Integrity Commission has power to make referrals to FID – accountability watchdog
Executive Director of the Jamaica Accountability Meter Portal (JAMP) Jeanette Calder has dismissed an assertion by a senior government lawmaker that the Integrity Commission does not have the power to refer an individual to the Financial Investigations Division (FID) for investigation.
Yesterday, Senate President Tom Tavares-Finson said the anti-corruption body had no authority to send matters to the FID for investigation.
In its report tabled in Parliament on Tuesday, the Director of Investigation, Kevon Stephenson, said there was sufficient basis on which to make a referral to the commissioner general of Tax Administration Jamaica and the FID for a determination to be made as to the appropriateness of the filing of nil tax returns by Prime Minister Andrew Holness. Stephenson also wants the FID to determine whether there is any financial impropriety on the part of the companies owned or part-owned by the prime minister.
An investigative report by the Integrity Commission into the statutory declarations filed by the prime minister has shown that three companies linked to him carried out transactions amounting to hundreds of millions of dollars and filed nil tax returns for the years 2021 and 2022.
A nil income tax return indicates that a company falls below the taxable income and, therefore, did not pay taxes during the year.
Tavares-Finson, in a statement to the media yesterday, said: “I am satisfied that the Integrity Commission has no such authority to refer any matter to any agency or competent authority to initiate an investigation.”
He further stated that the Parliament also has no power to refer anyone for investigation by the FID.
Speaking yesterday with Beyond The Headlines’ Host Dionne Jackson Miller, the JAMP executive director declared “without any fear of contradiction that contrary to what has already been said, the Integrity Commission can refer matters to the Financial Investigations Division”.
‘Perfectly normal and OK’
She further argued that any Jamaican who has a concern about financial crimes can reach out to the FID to carry out an investigation.

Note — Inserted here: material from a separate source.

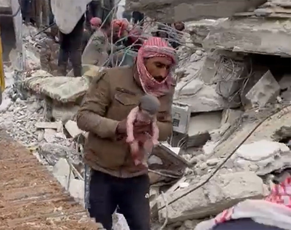 Entre tanta muerte y caos, este miércoles una beba recién nacida, aún unida a su madre por el cordón umbilical, fue rescatada de entre los escombros de un edificio de cuatro plantas que se derrumbó en Jindires, al noroeste de Siria, según informó el sitio

Calder outlined that the FID signed a memorandum of understanding (MOU) with the Integrity Commission in 2021 “specifically to facilitate this”.
She added, “I am just letting the public know that it is perfectly normal and OK.”
At the signing of the MOU on December 16, 2021, both investigative bodies indicated that it was aimed at strengthening both organisations’ response to, among other things, (public) corruption, money laundering, organised crime, fraud, and financial crime.
The MOU was signed by the Integrity Commission’s Executive Director Greg Christie and the then FID Chief Technical Director Selvin Hay.
Section 7 (12) of the Integrity Commission law states that the commission might, with the approval of the minister, enter into an MOU or other agreement with a competent authority.
The FID is listed among several ‘competent authorities’ in the legislation.
In the Integrity Commission’s investigative report on the prime minister, Stephenson said that “there can be no finality” in the certification of the prime minister’s assets for 2019-2022 without further probe and urged the Parliament to support the recommendation for the FID to investigate.